▸ **TASK TO COMPLETE**: Beginning with the line below that contains "毛二可院士返回母校作报告期间" and ending with the line that contains "Arely Siyah Renk Düz Terlik (02354BLX)", retype every line exactly. Pictures are not copied.

▸ **WORKING DATA**:
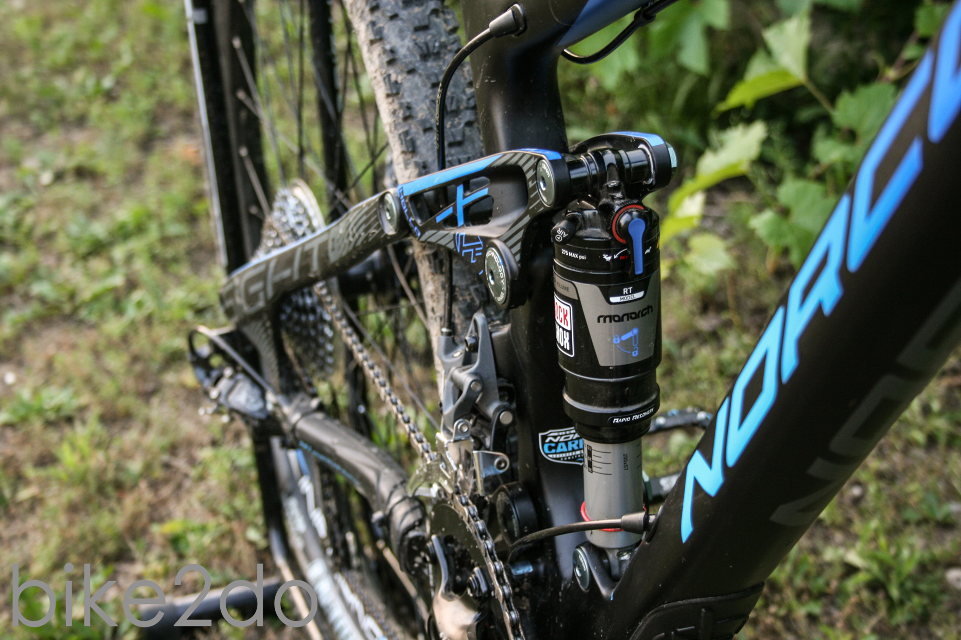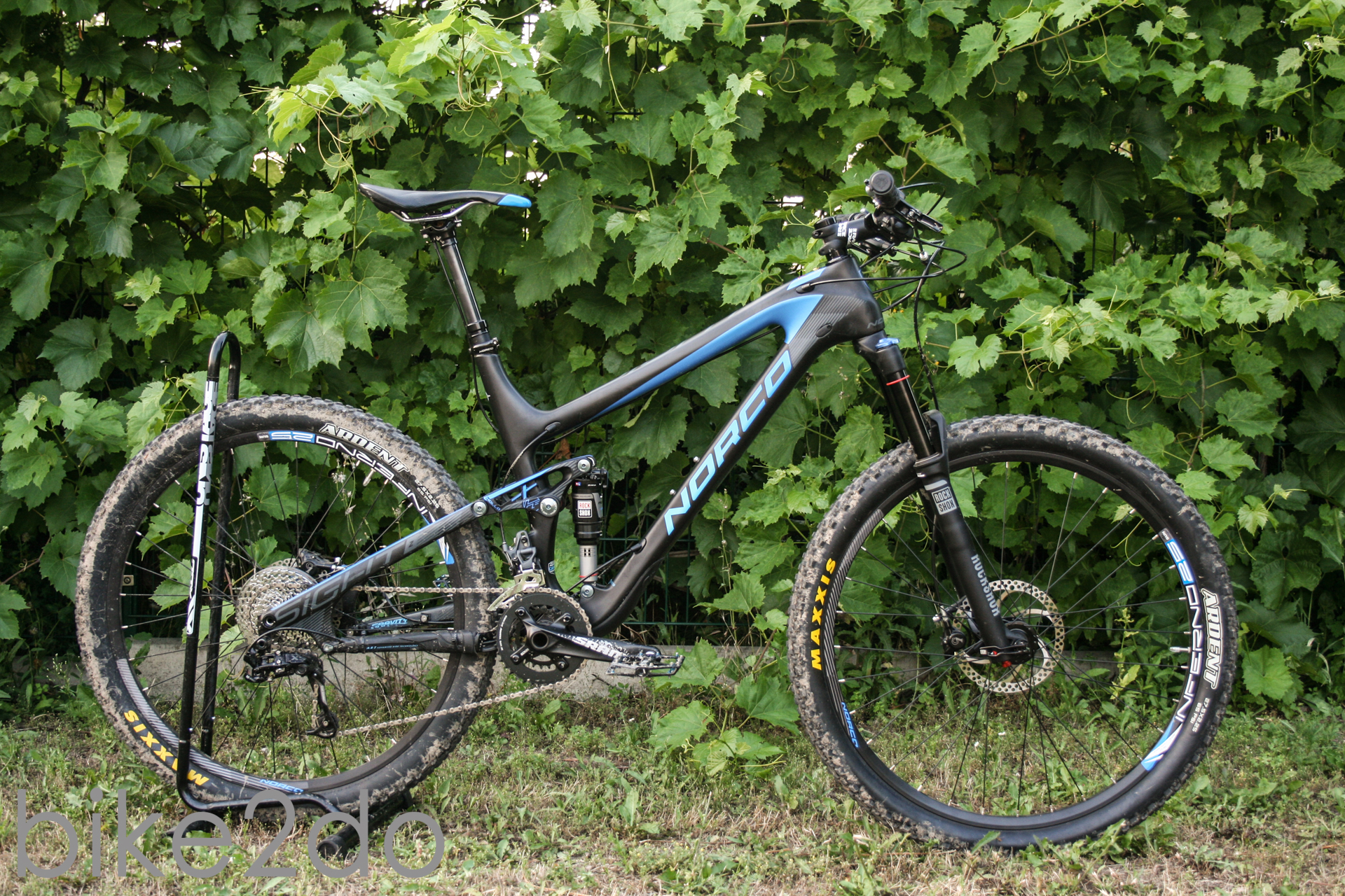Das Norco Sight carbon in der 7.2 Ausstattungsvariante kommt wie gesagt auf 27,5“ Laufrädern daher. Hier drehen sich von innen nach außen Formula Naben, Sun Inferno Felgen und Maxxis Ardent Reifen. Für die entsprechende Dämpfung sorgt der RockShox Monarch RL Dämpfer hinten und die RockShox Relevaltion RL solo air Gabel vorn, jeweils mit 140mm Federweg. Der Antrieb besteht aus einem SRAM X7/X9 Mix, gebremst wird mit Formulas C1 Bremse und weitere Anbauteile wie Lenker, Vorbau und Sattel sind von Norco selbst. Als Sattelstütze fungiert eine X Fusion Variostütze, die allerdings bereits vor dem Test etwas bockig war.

...

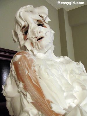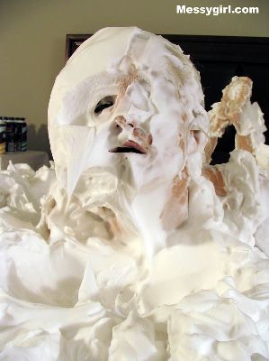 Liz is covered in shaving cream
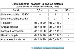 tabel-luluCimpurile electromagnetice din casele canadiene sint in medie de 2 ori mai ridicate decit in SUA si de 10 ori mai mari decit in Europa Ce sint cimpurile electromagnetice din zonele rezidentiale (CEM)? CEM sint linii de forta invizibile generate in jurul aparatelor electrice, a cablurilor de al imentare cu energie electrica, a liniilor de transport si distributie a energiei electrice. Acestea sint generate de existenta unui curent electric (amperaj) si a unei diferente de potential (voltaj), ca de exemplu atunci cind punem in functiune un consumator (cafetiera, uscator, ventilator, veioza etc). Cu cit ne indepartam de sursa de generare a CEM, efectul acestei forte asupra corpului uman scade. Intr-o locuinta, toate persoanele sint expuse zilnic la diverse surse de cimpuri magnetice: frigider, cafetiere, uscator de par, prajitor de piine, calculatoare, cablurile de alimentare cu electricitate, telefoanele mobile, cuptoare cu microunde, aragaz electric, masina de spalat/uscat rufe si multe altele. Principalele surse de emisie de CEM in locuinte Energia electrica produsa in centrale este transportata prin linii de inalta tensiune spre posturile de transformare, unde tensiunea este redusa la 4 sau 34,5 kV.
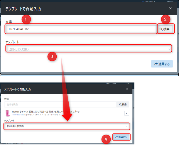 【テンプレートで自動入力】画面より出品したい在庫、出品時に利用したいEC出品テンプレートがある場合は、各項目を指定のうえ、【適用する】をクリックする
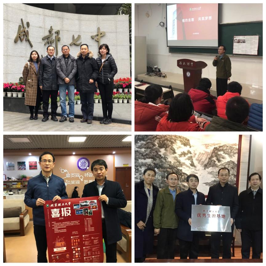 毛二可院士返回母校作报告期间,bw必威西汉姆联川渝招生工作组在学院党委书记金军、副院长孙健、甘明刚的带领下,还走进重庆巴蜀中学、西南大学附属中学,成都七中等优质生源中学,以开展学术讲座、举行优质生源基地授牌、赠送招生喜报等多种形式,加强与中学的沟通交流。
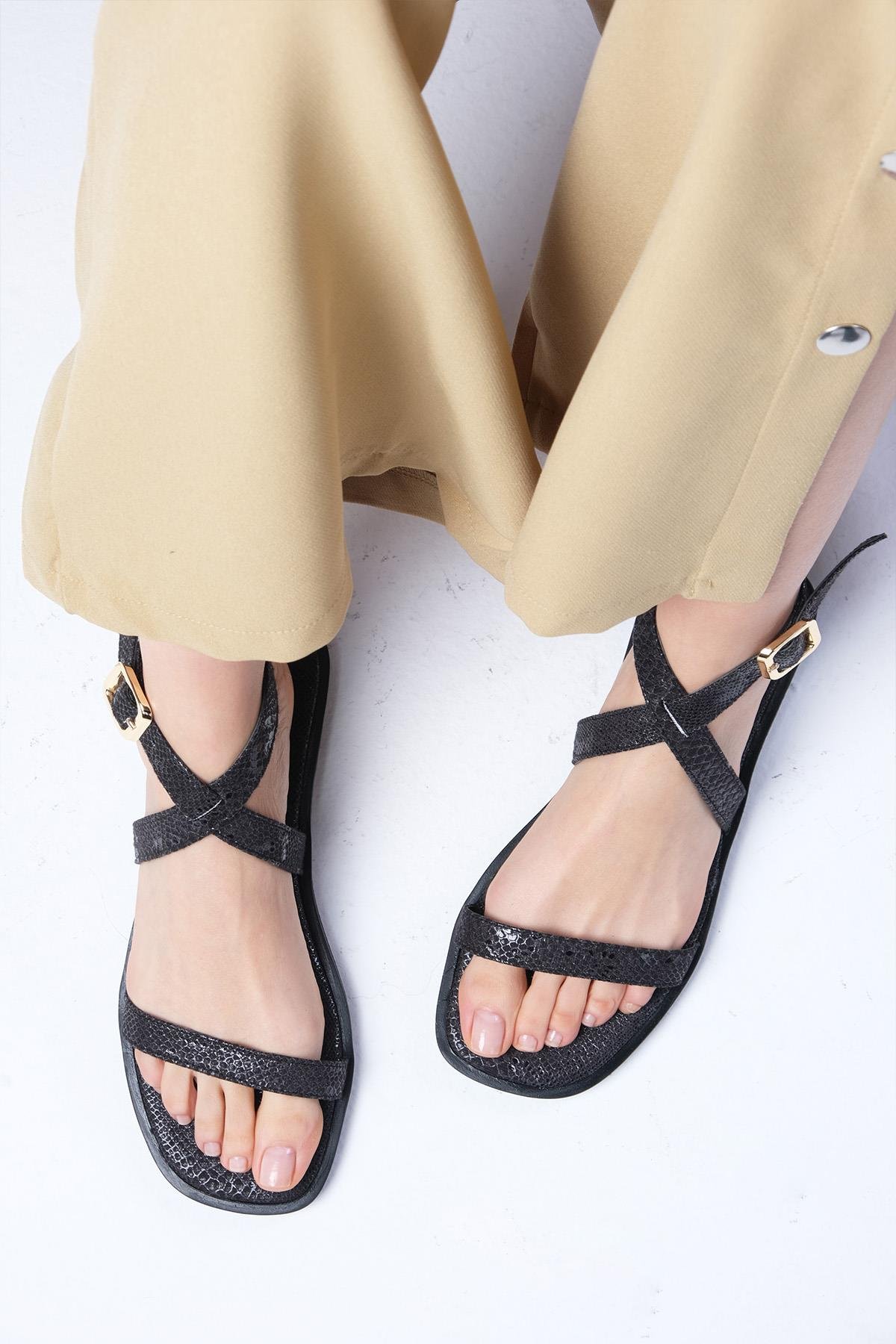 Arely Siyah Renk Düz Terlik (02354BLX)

...

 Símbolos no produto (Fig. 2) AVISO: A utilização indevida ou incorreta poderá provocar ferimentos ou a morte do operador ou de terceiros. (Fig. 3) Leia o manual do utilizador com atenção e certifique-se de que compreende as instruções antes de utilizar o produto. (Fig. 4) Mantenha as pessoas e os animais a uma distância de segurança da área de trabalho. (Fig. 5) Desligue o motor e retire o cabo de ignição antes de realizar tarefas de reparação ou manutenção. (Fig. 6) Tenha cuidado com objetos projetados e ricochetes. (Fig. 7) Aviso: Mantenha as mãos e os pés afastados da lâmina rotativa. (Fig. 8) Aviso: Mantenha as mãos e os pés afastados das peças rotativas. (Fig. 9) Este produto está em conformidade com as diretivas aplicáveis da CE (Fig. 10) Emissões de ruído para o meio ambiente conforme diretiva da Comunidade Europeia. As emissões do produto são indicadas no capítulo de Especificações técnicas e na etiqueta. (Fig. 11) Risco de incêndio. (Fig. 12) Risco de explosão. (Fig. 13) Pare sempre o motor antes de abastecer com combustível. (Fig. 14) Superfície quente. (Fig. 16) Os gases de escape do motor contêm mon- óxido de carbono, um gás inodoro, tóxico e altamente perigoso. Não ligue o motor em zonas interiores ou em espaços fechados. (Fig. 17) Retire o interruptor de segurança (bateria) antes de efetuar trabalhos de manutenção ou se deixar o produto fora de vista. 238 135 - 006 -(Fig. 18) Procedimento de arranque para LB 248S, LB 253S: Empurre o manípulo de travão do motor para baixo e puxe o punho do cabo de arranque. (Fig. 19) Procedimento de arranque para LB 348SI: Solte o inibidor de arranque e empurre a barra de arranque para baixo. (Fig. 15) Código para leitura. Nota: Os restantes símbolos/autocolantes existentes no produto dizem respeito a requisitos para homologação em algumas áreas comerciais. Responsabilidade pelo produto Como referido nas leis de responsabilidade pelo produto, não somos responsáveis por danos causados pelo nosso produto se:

▸ **ANSWER TO THE PROBLEM**:
 毛二可院士返回母校作报告期间,bw必威西汉姆联川渝招生工作组在学院党委书记金军、副院长孙健、甘明刚的带领下,还走进重庆巴蜀中学、西南大学附属中学,成都七中等优质生源中学,以开展学术讲座、举行优质生源基地授牌、赠送招生喜报等多种形式,加强与中学的沟通交流。
 Arely Siyah Renk Düz Terlik (02354BLX)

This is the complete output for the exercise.